--- Provided material ---

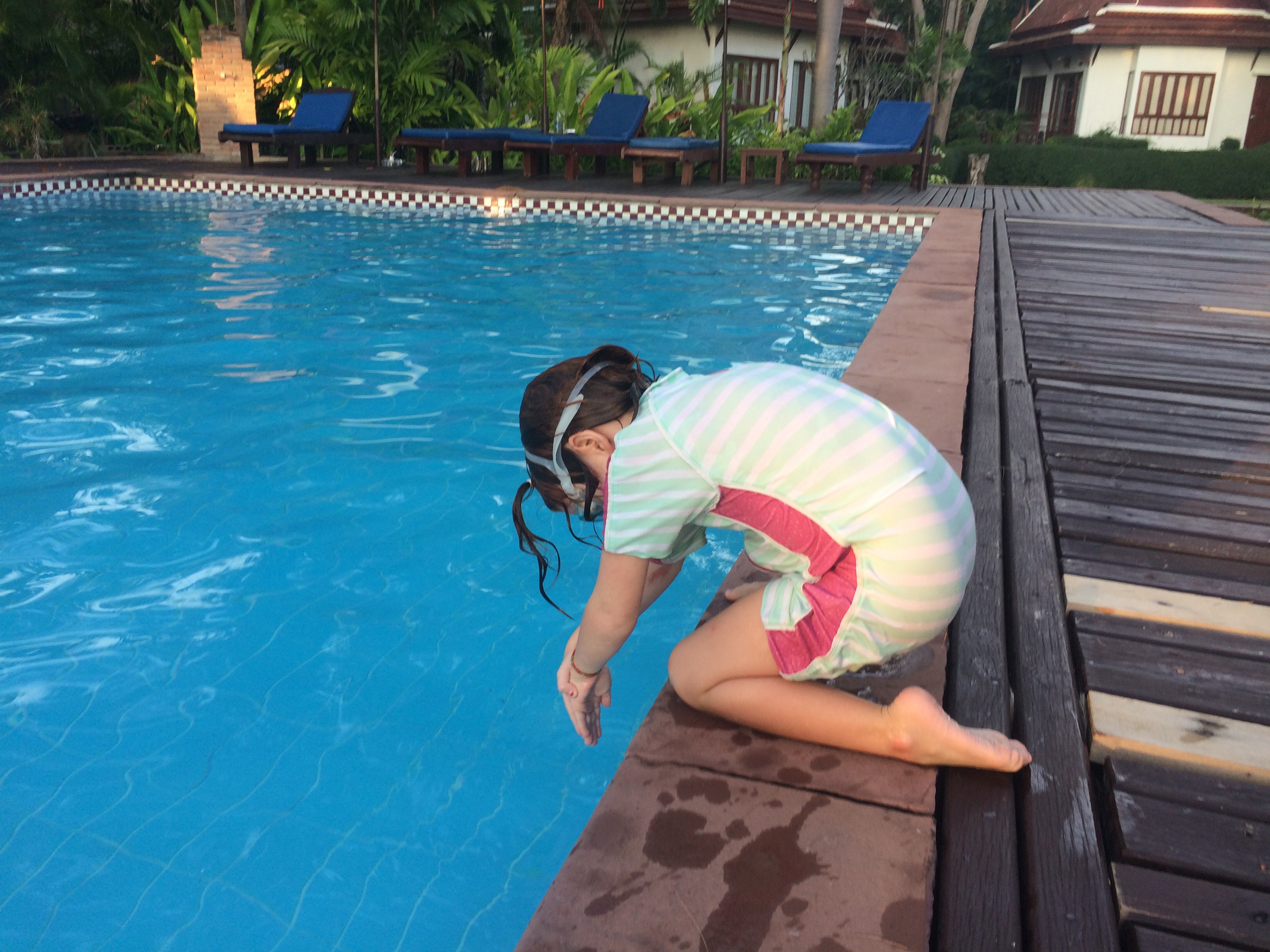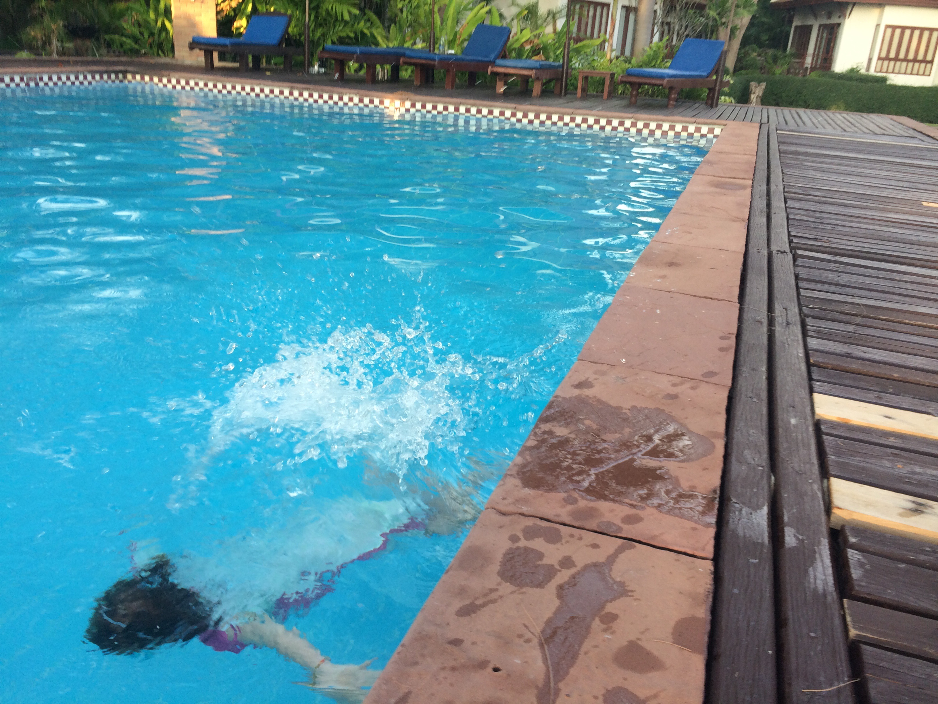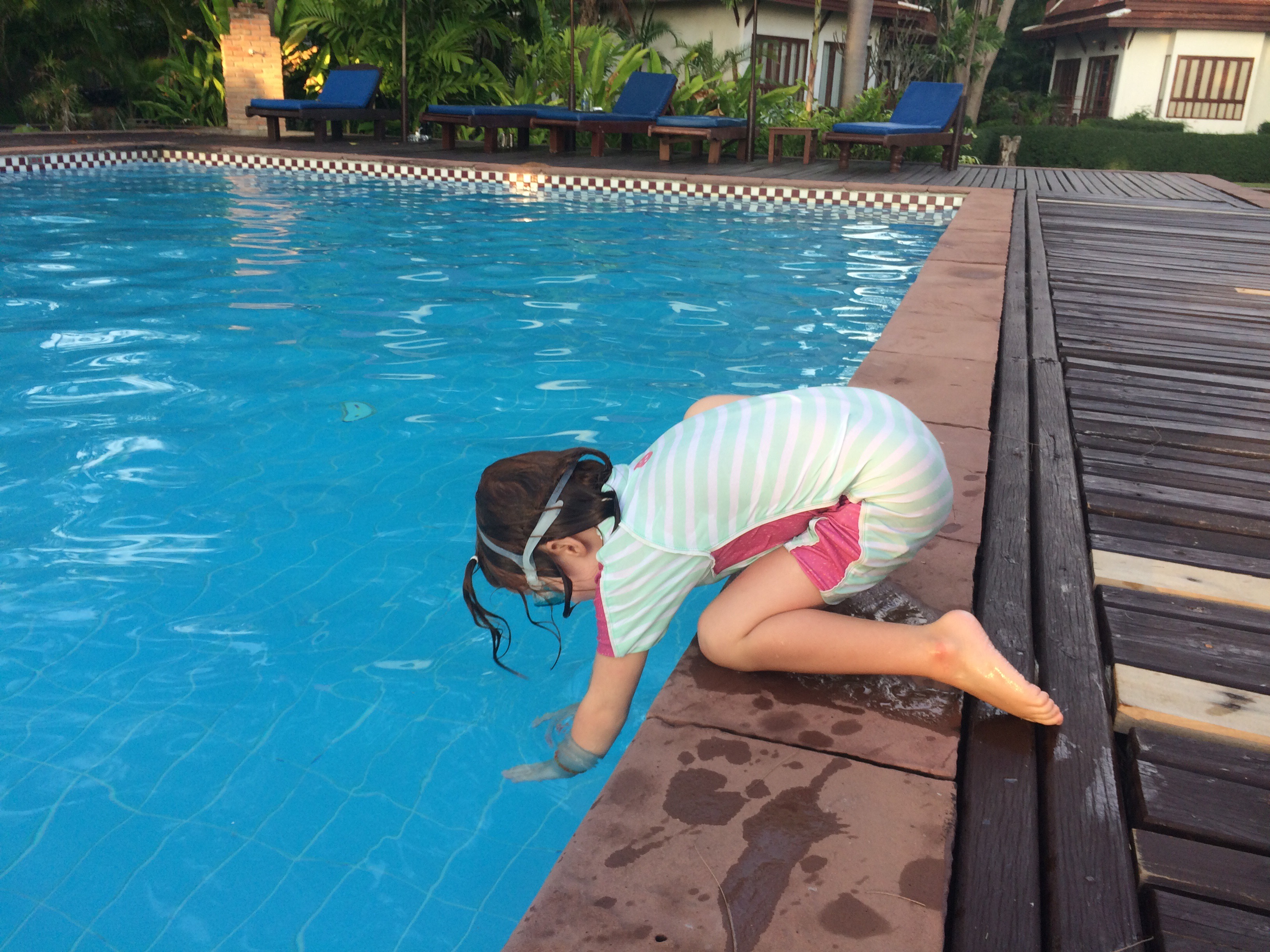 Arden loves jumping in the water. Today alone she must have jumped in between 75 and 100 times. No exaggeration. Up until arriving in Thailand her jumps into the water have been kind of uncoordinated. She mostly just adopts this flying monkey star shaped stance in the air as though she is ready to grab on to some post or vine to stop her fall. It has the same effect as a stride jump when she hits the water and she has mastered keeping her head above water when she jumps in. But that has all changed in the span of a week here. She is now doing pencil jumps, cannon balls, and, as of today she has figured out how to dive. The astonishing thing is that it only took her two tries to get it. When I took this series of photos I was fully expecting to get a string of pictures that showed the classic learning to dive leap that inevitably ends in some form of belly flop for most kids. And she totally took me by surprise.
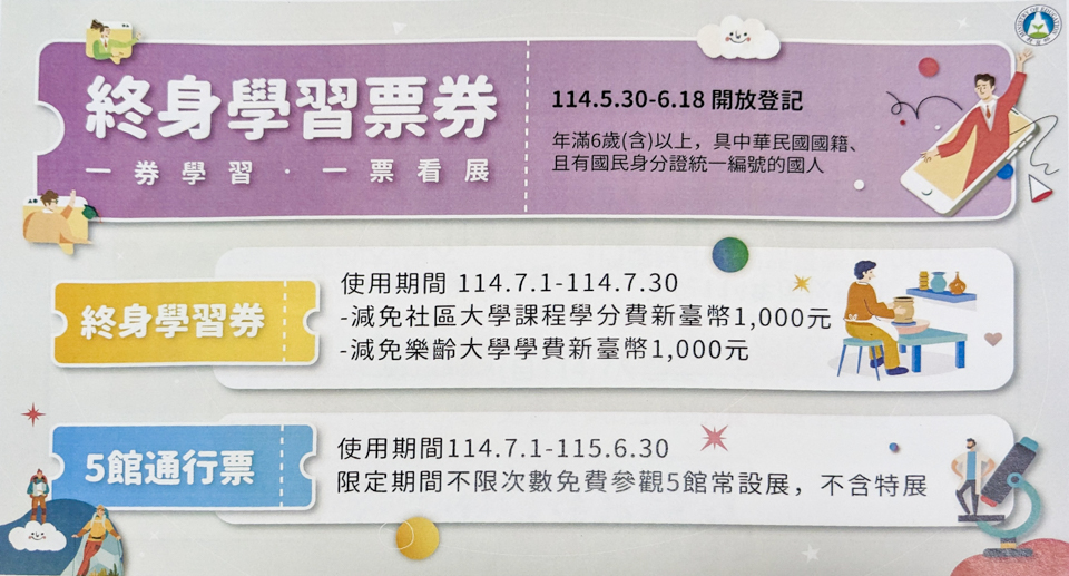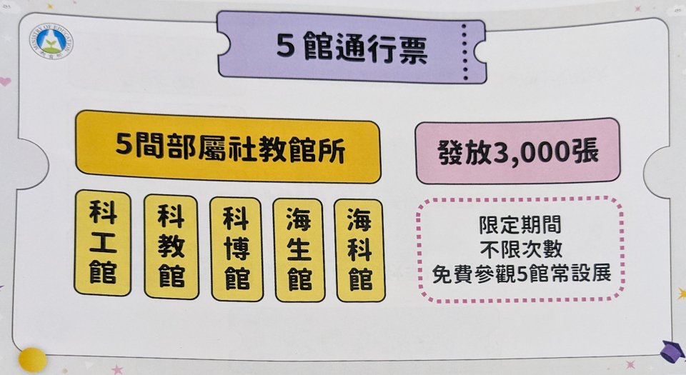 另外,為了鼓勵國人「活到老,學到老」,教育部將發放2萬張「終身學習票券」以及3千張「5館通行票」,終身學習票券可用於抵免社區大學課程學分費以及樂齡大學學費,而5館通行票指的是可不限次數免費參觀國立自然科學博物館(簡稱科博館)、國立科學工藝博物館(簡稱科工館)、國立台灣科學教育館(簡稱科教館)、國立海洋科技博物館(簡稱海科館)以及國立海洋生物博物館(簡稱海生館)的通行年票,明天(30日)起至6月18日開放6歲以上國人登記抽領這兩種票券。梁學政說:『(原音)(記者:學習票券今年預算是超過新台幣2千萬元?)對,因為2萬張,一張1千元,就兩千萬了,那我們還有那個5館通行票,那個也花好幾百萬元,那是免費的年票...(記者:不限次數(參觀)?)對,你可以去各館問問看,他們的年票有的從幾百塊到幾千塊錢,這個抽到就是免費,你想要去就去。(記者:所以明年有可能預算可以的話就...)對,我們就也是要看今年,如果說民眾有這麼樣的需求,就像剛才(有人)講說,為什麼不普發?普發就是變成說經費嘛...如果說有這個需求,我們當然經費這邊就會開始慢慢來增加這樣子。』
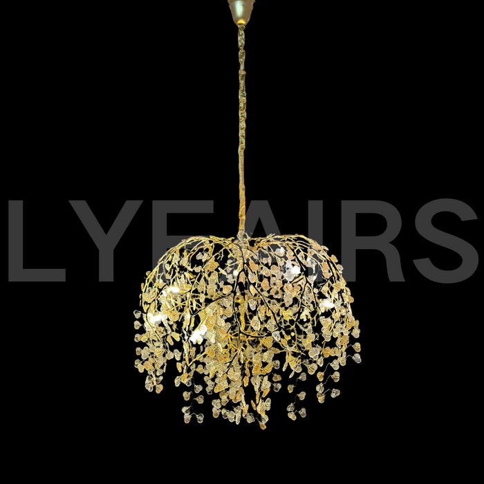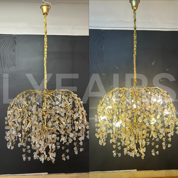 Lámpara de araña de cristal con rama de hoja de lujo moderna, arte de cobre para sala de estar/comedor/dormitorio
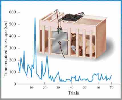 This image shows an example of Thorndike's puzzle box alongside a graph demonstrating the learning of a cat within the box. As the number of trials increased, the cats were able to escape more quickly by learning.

---

Beginning with the line that includes "另外,為了鼓勵國人「活到老,學到老」,教" and ending with the last line of the material, reproduce those lines exactly and nothing else, with no pictures.

## Finished task:
 另外,為了鼓勵國人「活到老,學到老」,教育部將發放2萬張「終身學習票券」以及3千張「5館通行票」,終身學習票券可用於抵免社區大學課程學分費以及樂齡大學學費,而5館通行票指的是可不限次數免費參觀國立自然科學博物館(簡稱科博館)、國立科學工藝博物館(簡稱科工館)、國立台灣科學教育館(簡稱科教館)、國立海洋科技博物館(簡稱海科館)以及國立海洋生物博物館(簡稱海生館)的通行年票,明天(30日)起至6月18日開放6歲以上國人登記抽領這兩種票券。梁學政說:『(原音)(記者:學習票券今年預算是超過新台幣2千萬元?)對,因為2萬張,一張1千元,就兩千萬了,那我們還有那個5館通行票,那個也花好幾百萬元,那是免費的年票...(記者:不限次數(參觀)?)對,你可以去各館問問看,他們的年票有的從幾百塊到幾千塊錢,這個抽到就是免費,你想要去就去。(記者:所以明年有可能預算可以的話就...)對,我們就也是要看今年,如果說民眾有這麼樣的需求,就像剛才(有人)講說,為什麼不普發?普發就是變成說經費嘛...如果說有這個需求,我們當然經費這邊就會開始慢慢來增加這樣子。』
 Lámpara de araña de cristal con rama de hoja de lujo moderna, arte de cobre para sala de estar/comedor/dormitorio
 This image shows an example of Thorndike's puzzle box alongside a graph demonstrating the learning of a cat within the box. As the number of trials increased, the cats were able to escape more quickly by learning.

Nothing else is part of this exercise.